-------- RECORD EXTRACTS

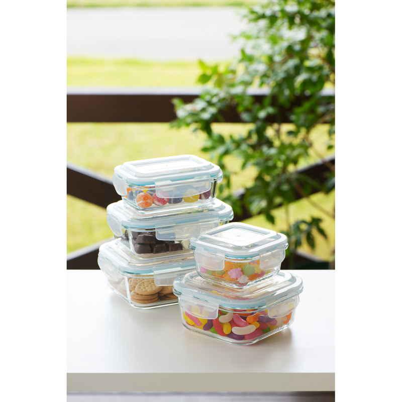 ヨシカワ 保存容器 370ml グラスコンテナ 4点ロック式ガラス保存容器
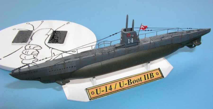 Hintergrundinformationen:: Dem sehr schön gemachten Beipackzettel kann man entnehmen, dass ca. 20 U-Boote der Baureihe II B hergestellt wurden. Das im Bausatz dargestellte U-14 hatte seinen Stapellauf am 6. Juli 1935 in der Werft Deutsche Werke in Kiel. Vier der insgesamt 11 Kommandeure erhielten das Ritterkreuz und mit einer Quote von 12344 BRT bei 9 versenkten Schiffen hat sich das relativ kleine U-Boot relativ wacker geschlagen. Das Ende ereilte die U-14 am 2.Mai 1945 in Wilhelmshafen durch Selbstversenkung.
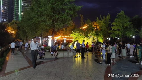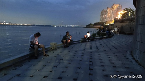 江边凉风习习,甚是舒服。夜游的人很多,纳凉的、跳舞的、唱歌的、卖小商品的,到处洋溢着欢乐的气氛。
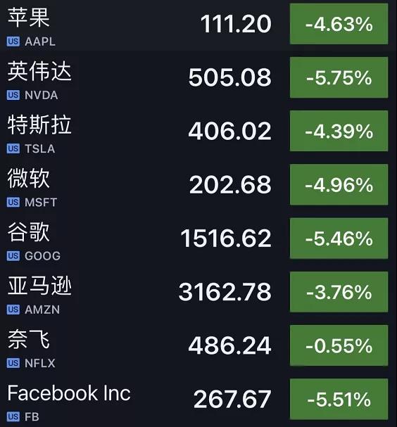 科技股領(lǐng)跌納指,英偉達(dá)跌超5.7%,谷歌、推特、微軟均超5%,蘋(píng)果跌逾4.6%。
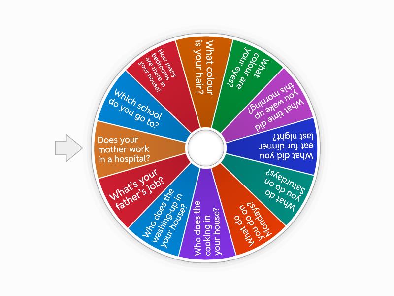 1) Which school do you go to? 2) How many bedrooms are there in your house? 3) What colour is your hair? 4) What colour are your eyes? 5) What time did you wake up this morning? 6) What did you eat for dinner last night? 7) What do you do on Saturdays? 8) What do you do on Mondays? 9) Who does the cooking in your house? 10) Who does the washing-up in your house? 11) What's your father's job? 12) Does your mother work in a hospital?
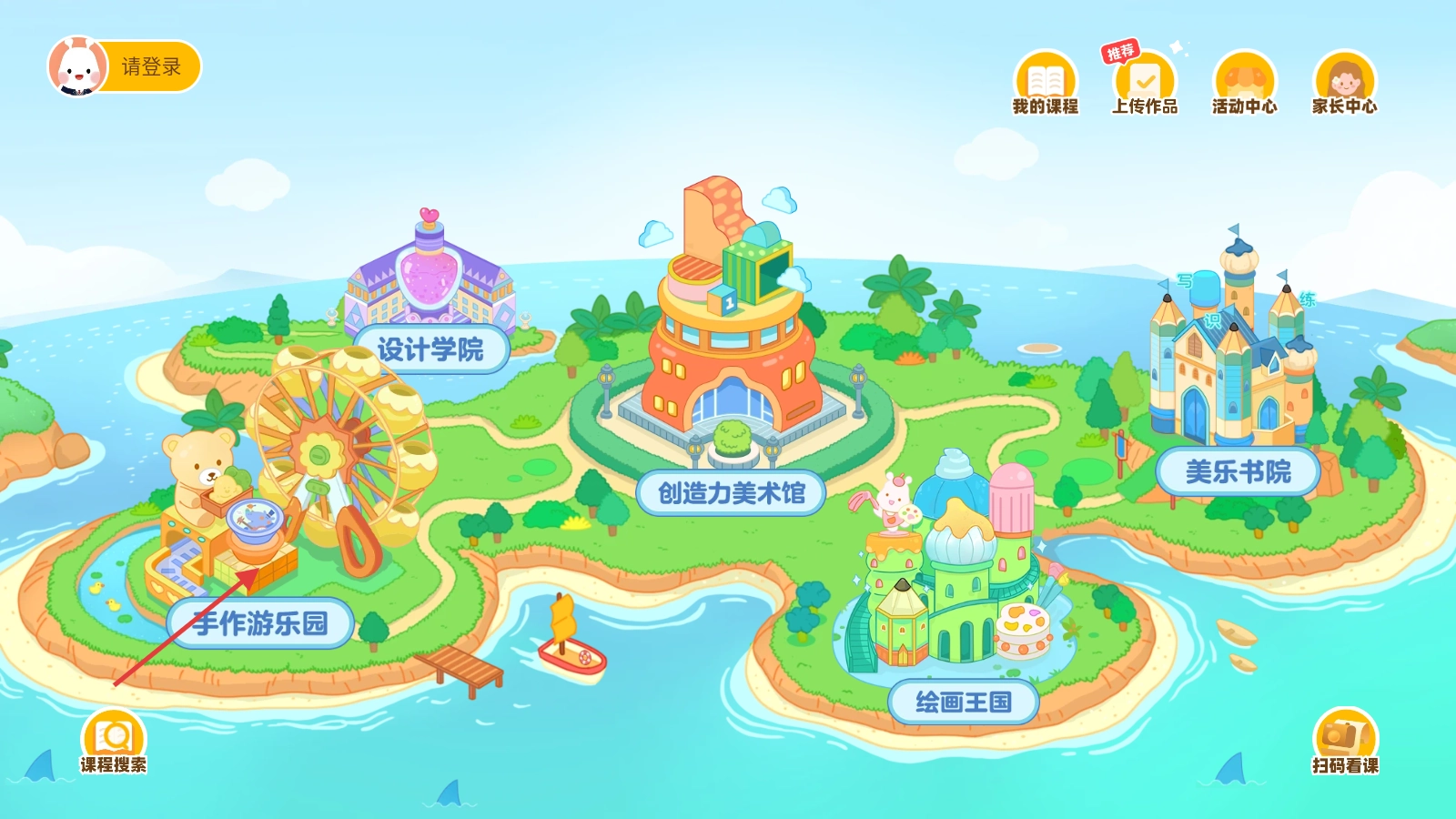 1、进入软件后,可看到【手作游乐园】【创造力美术馆】等板块,点击对应板块可进入相关功能区域。
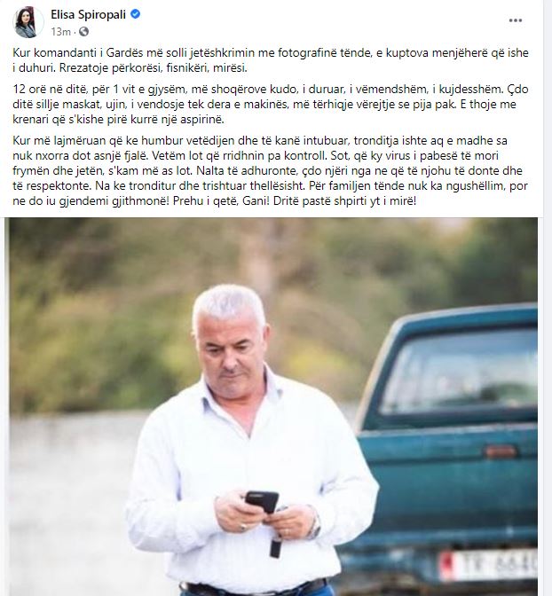 “Kur më lajmëruan që ke humbur vetëdijen dhe të kanë intubuar, tronditja ishte aq e madhe sa nuk nxorra dot asnjë fjalë. Vetëm lot që rridhnin pa kontroll. Sot, që ky virus i pabesë të mori frymën dhe jetën, s’kam më as lot. Nalta të adhuronte, çdo njëri nga ne që të njohu të donte dhe të respektonte. Na ke tronditur dhe trishtuar thellësisht. Për familjen tënde nuk ka ngushëllim, por ne do iu gjendemi gjithmonë! Prehu i qetë, Gani! Dritë pastë shpirti yt i mirë!”, shkruan Spiropali.
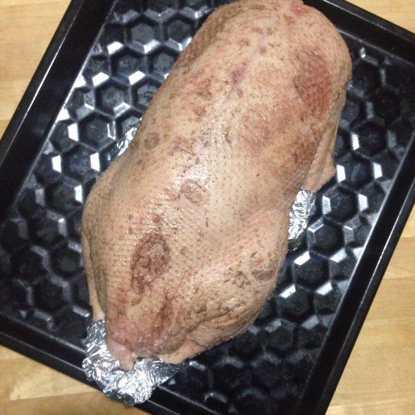Пока фаршируем гуся начинкой, разогреваем духовку до 220°С. Гуся зашиваем или закрепляем край зубочистками (кому как удобнее). Концы ножек и крыльев обернуть фольгой, обязательно ножки перевязать бечевкой. Гуся натереть солью и перцем, а затем положить на смазанный жиром или маслом противень. Запекать 30-35 минут, после чего снизить температуру духовки до 180°С и готовить еще 2,5-3 часа, периодически поливая гуся его соком.
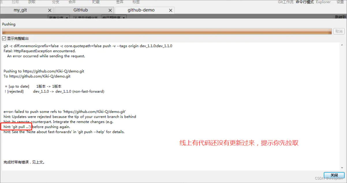 进行推送时,有时会出现如下图所示的情况:
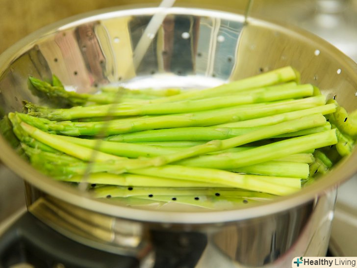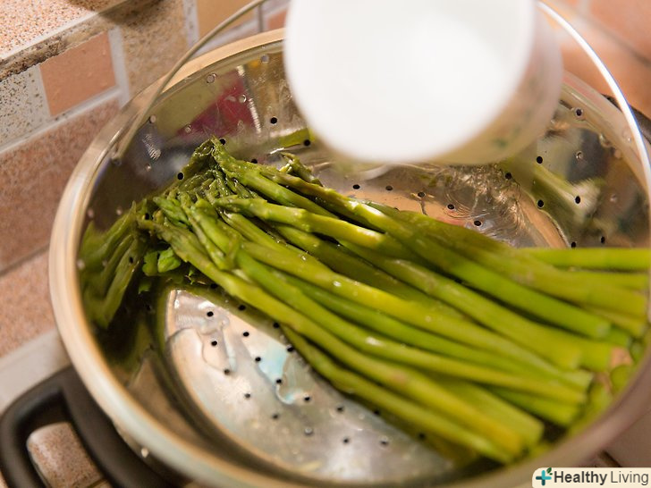 Подавайте спаржу в холодному вигляді.Киньте приготовлену на пару спаржу в холодну воду з льодом. Це охолодить спаржу, зберігши при цьому її яскраво-зелений колір і хрустку текстуру. Ви також можете викласти спаржу в друшляк і залити її холодною водою.[9]
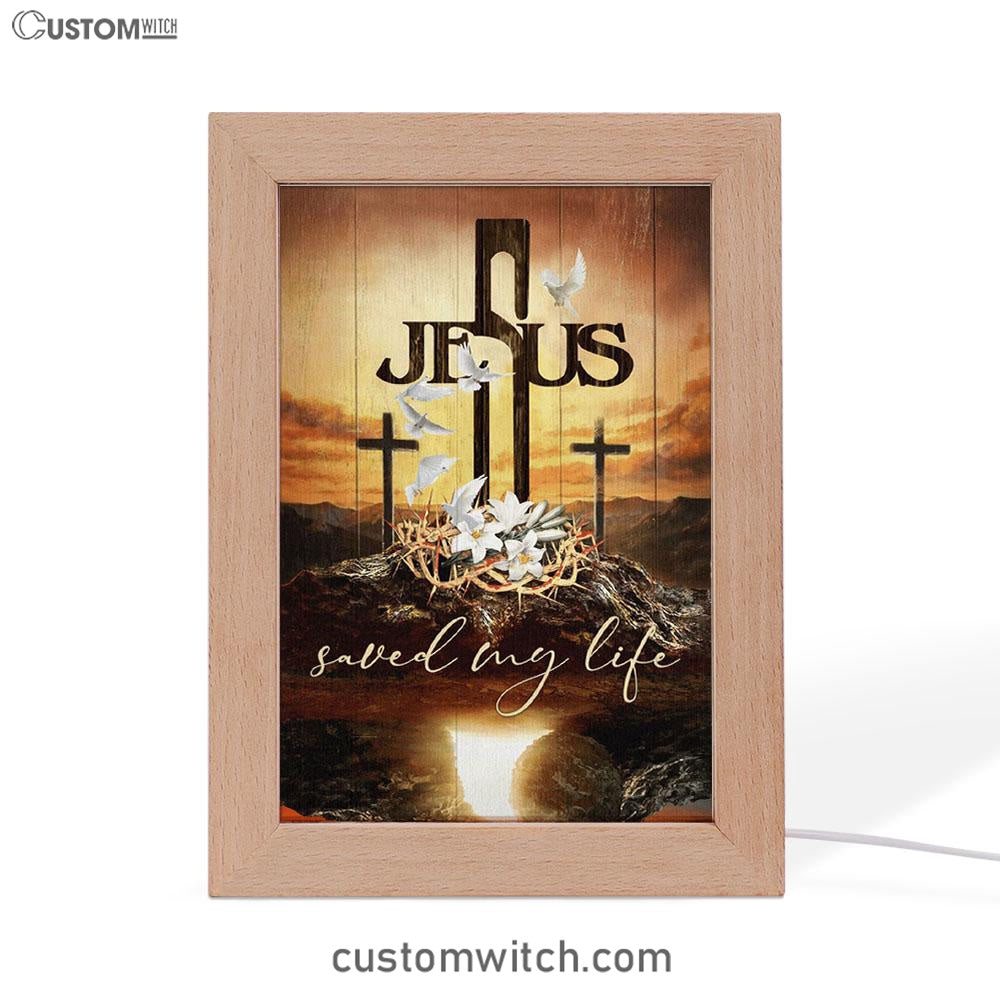 Jesus Saved My Life Frame Lamp - Cross Crown Of Thorns White Lily White Dove Frame Lamp Prints - Jesus Christ Frame Lamp Art - Christian Decor
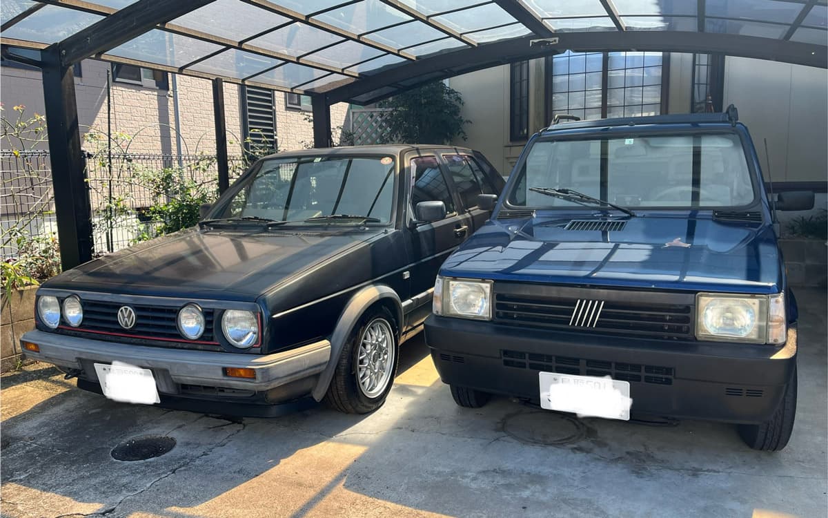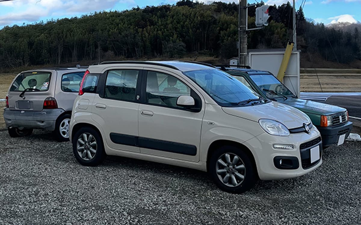 見ての通り、いわゆるイタフラ車が好きです 。所有車両は、PANDA1とPANDA 3(家族車両)とRenault Twingo 1、そしてレストア待ち不動状態のFiat500(1967年式)。
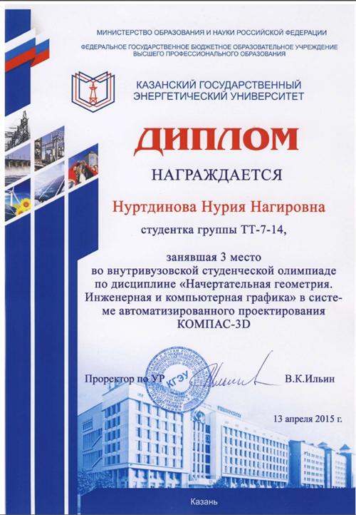 Третье место - Нуртдинова Нурия Нагировна, гр. ТТ-7-14

----------------

» TASK ITEM:
Make an exact copy of the lines above, starting at the line that contains "më lajmëruan që" and running through the final line of the entries. Omit the pictures.

» EXERCISE RESULT:
 “Kur më lajmëruan që ke humbur vetëdijen dhe të kanë intubuar, tronditja ishte aq e madhe sa nuk nxorra dot asnjë fjalë. Vetëm lot që rridhnin pa kontroll. Sot, që ky virus i pabesë të mori frymën dhe jetën, s’kam më as lot. Nalta të adhuronte, çdo njëri nga ne që të njohu të donte dhe të respektonte. Na ke tronditur dhe trishtuar thellësisht. Për familjen tënde nuk ka ngushëllim, por ne do iu gjendemi gjithmonë! Prehu i qetë, Gani! Dritë pastë shpirti yt i mirë!”, shkruan Spiropali.
Пока фаршируем гуся начинкой, разогреваем духовку до 220°С. Гуся зашиваем или закрепляем край зубочистками (кому как удобнее). Концы ножек и крыльев обернуть фольгой, обязательно ножки перевязать бечевкой. Гуся натереть солью и перцем, а затем положить на смазанный жиром или маслом противень. Запекать 30-35 минут, после чего снизить температуру духовки до 180°С и готовить еще 2,5-3 часа, периодически поливая гуся его соком.
 进行推送时,有时会出现如下图所示的情况:
 Подавайте спаржу в холодному вигляді.Киньте приготовлену на пару спаржу в холодну воду з льодом. Це охолодить спаржу, зберігши при цьому її яскраво-зелений колір і хрустку текстуру. Ви також можете викласти спаржу в друшляк і залити її холодною водою.[9]
 Jesus Saved My Life Frame Lamp - Cross Crown Of Thorns White Lily White Dove Frame Lamp Prints - Jesus Christ Frame Lamp Art - Christian Decor
 見ての通り、いわゆるイタフラ車が好きです 。所有車両は、PANDA1とPANDA 3(家族車両)とRenault Twingo 1、そしてレストア待ち不動状態のFiat500(1967年式)。
 Третье место - Нуртдинова Нурия Нагировна, гр. ТТ-7-14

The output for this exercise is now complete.